Word count: 293 words

Reading time: Just over 1 minute

If you build your vocabulary, you’ll not only benefit your reading, you’ll also become more precise in your writing. Here is my word of the week, carapace.

When I started reading the novel The Monsters of Templeton by Lauren Groff last month, I was enthralled by the book. It was interesting, original and had some bits of very fine writing.

My enthusiasm had cooled a little by the time I finished it, though. For me, the engaging story was slightly marred by an ending that was far too “neat and tidy” — almost like a present with a bow wrapped around it. (I prefer books that leave me wondering, intrigued or surprised.) That said, I notice that the novel has already given me a sentence of the week and, now, two words of the week. Here is the second:

When I was small and easily wounded, books were my carapace

I knew, vaguely, that the word meant a shell (or exoskeleton) covering the body of an animal and that, by extension, it implied a safe, protected place. My husband has a degree in zoology so I feel obliged to share that animals with carapaces include invertebrates (spineless creatures) such as crustaceans (shellfish)  and arachnids (spiders), and vertebrates such as turtles and tortoises.
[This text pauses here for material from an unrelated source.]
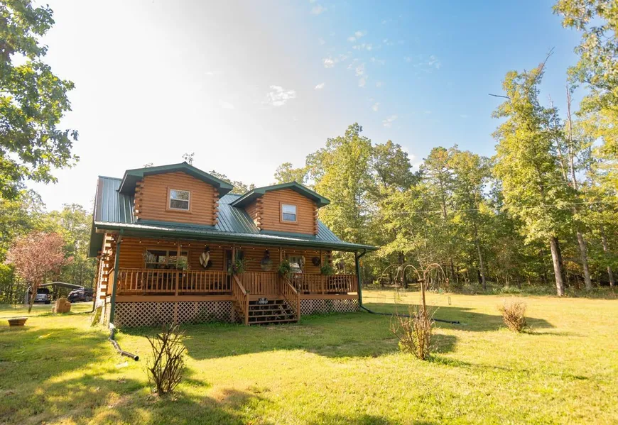Beautiful log home in park like setting, situated on a private, surveyed 10.5 acres. Home boasts a gorgeous front porch (bring your rocking chairs), deck in the back, open floor plan, 3 beds/2.5 baths, with potential for 4th bedroom, office, or family room in the open loft. Small pond on the property draws a ton of wildlife, with deer presenting almost every day. 2 car carport and storage shed stay. Located in coveted Ellsinore school district.

Etymologically, origins of the word date back to the 18th century, from the French carapace “tortoise shell” which in turn came from the Porgtuguese carapaça,. Earlier origins are uncertain but the word may have come from the Latin, capa, meaning cape.

Me? I mainly love the elegant and melodious sound of the word. I also appreciate the way this sentence presents reading as something strong and invincible.